↓

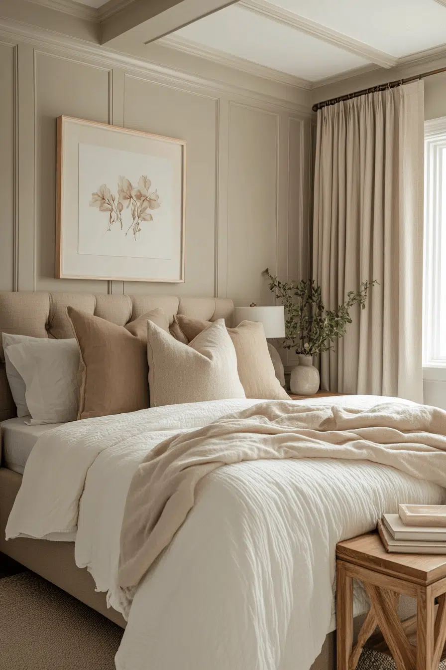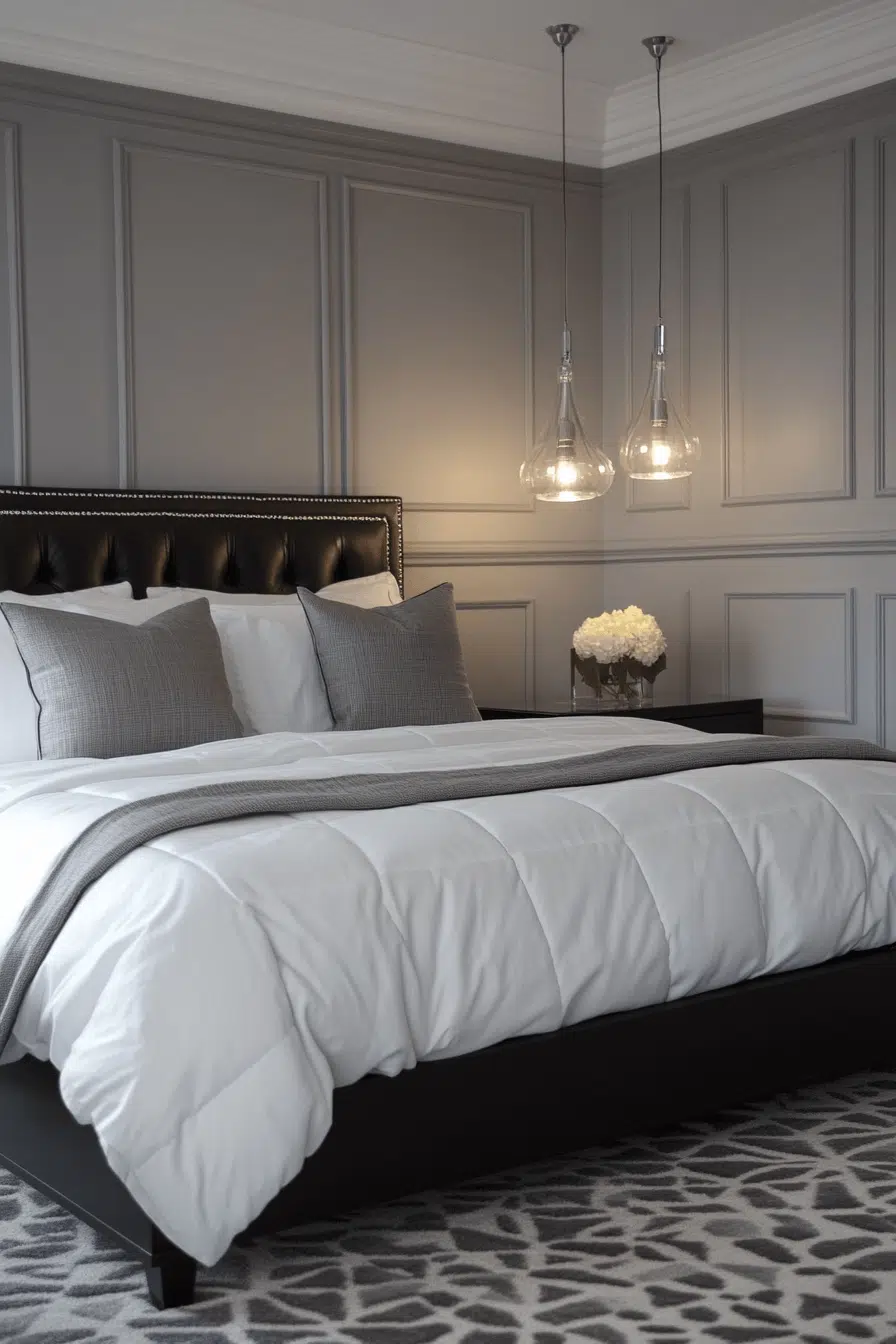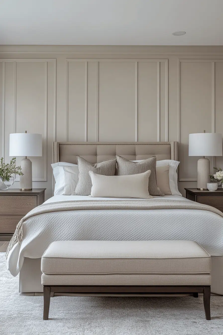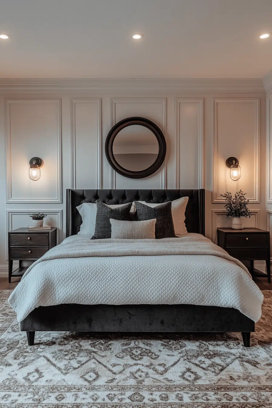 Graphic molding and defined trim elevate this Neo Deco bedroom with tailored precision. Painted borders and structured paneling add architectural interest. Matte and metallic accents frame the design thoughtfully. The effect feels curated and upscale. Every detail enhances visual clarity. Tap to refine your space with striking structure!
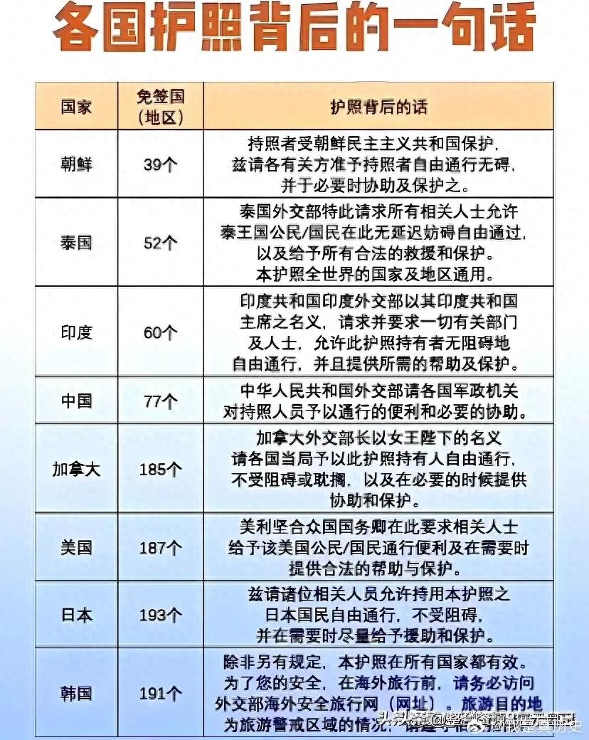 各国护照背面写的内容
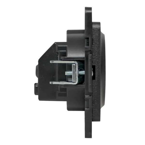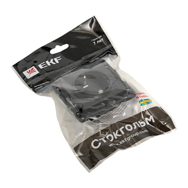 Механизм электрической розетки немецкого стандарта с защитой контактов и винтовым подключением для скрытой установки в сухих помещениях с накладкой черного цвета, ЕКФ серии Стокгольм. EZR16-028-20
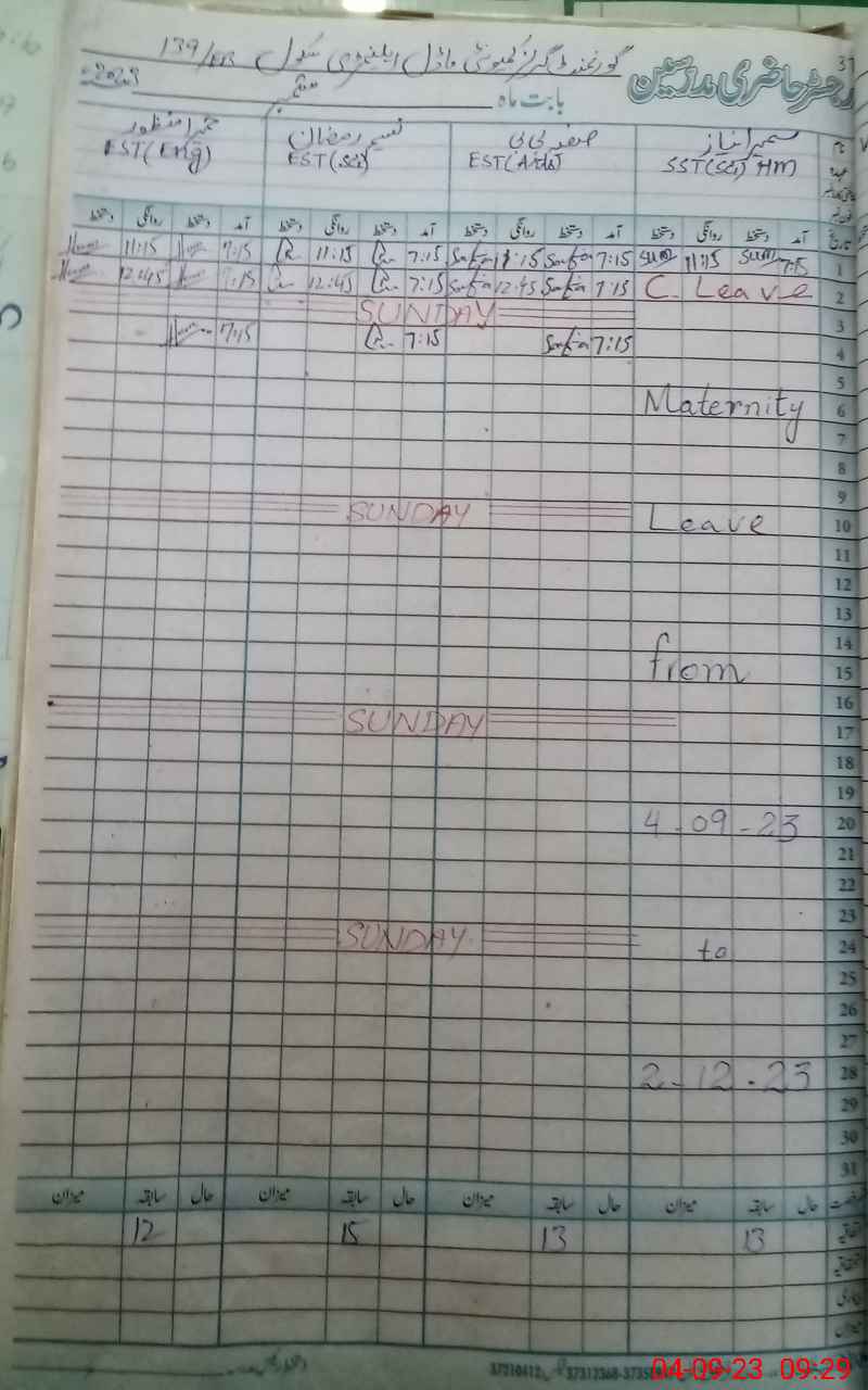 | 36**** | Su**** Ni**** | S.S.T.(BIOLOGY) | Temporary | 2 | 0 | 0 | 0 | 0 | 0 | 0 | 0 | 2 | Maternity |
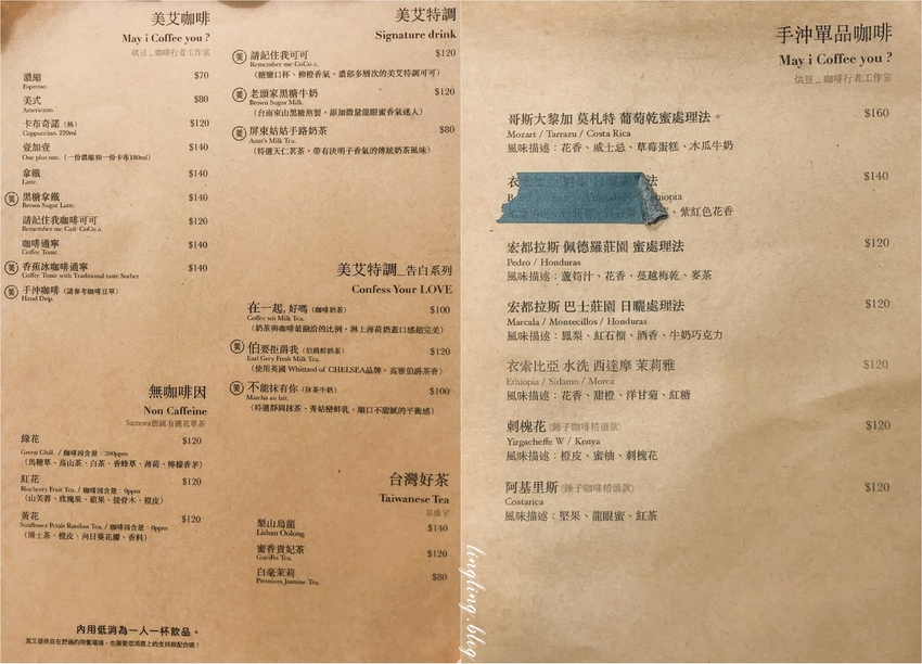 May i Coffee you?提供了這樣的空間,重點是不限時,不讓時間侷限了這份悠閒感,來May i Coffee you?享用一杯闆娘精心冲製的咖啡吧!
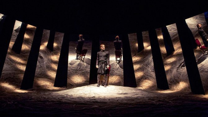 En esta versión de Hamlet no se ven grandes tronos ni emblemáticas estancias propias de la realeza. Ocho espejos y suelos gaseosos y cambiantes que van marcando los tiempos de la obra son suficientes para renovar una historia muy manida.

↑

Your copy should consist only of the lines from the one containing "2 | Maternity |" through the last line of the entries above, reproduced exactly, without pictures.

 | 36**** | Su**** Ni**** | S.S.T.(BIOLOGY) | Temporary | 2 | 0 | 0 | 0 | 0 | 0 | 0 | 0 | 2 | Maternity |
 May i Coffee you?提供了這樣的空間,重點是不限時,不讓時間侷限了這份悠閒感,來May i Coffee you?享用一杯闆娘精心冲製的咖啡吧!
 En esta versión de Hamlet no se ven grandes tronos ni emblemáticas estancias propias de la realeza. Ocho espejos y suelos gaseosos y cambiantes que van marcando los tiempos de la obra son suficientes para renovar una historia muy manida.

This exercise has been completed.